▶
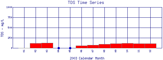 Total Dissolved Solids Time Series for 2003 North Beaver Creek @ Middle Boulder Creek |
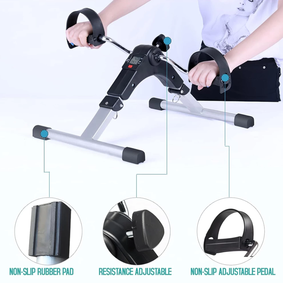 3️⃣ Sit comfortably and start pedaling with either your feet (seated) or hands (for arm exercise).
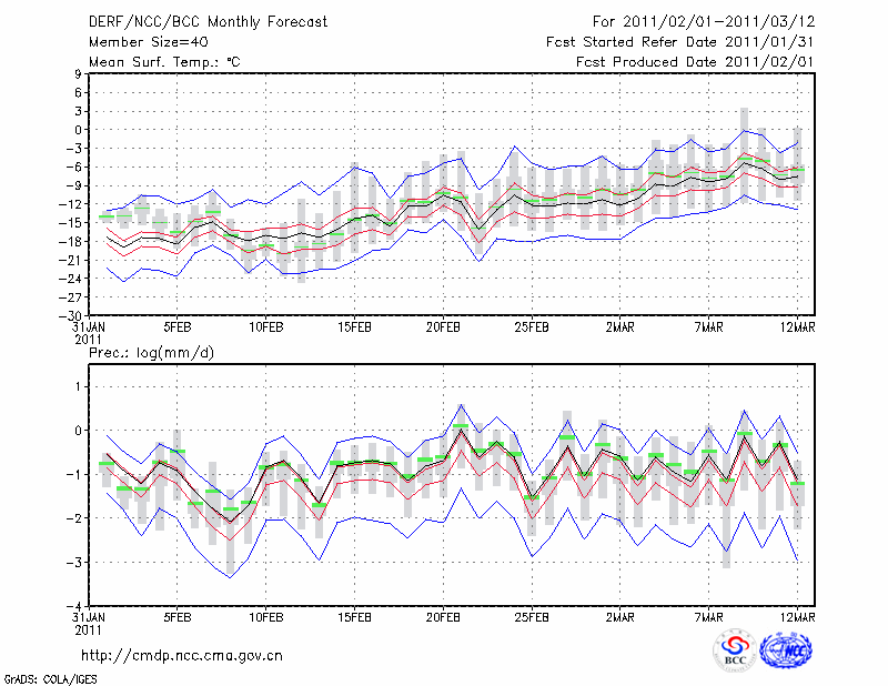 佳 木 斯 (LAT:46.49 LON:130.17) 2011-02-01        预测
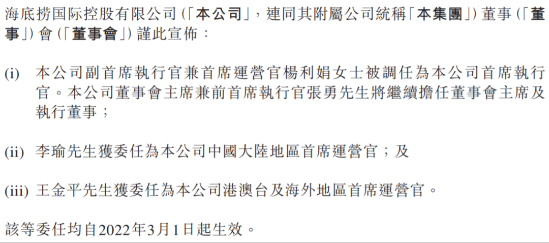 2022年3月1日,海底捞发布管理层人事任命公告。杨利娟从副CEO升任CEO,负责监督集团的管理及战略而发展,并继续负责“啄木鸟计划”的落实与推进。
◀
-- Aim of the task --
Copy out every line of the material above exactly, skipping the pictures.

-- Written solution --
 Total Dissolved Solids Time Series for 2003 North Beaver Creek @ Middle Boulder Creek |
 3️⃣ Sit comfortably and start pedaling with either your feet (seated) or hands (for arm exercise).
 佳 木 斯 (LAT:46.49 LON:130.17) 2011-02-01        预测
 2022年3月1日,海底捞发布管理层人事任命公告。杨利娟从副CEO升任CEO,负责监督集团的管理及战略而发展,并继续负责“啄木鸟计划”的落实与推进。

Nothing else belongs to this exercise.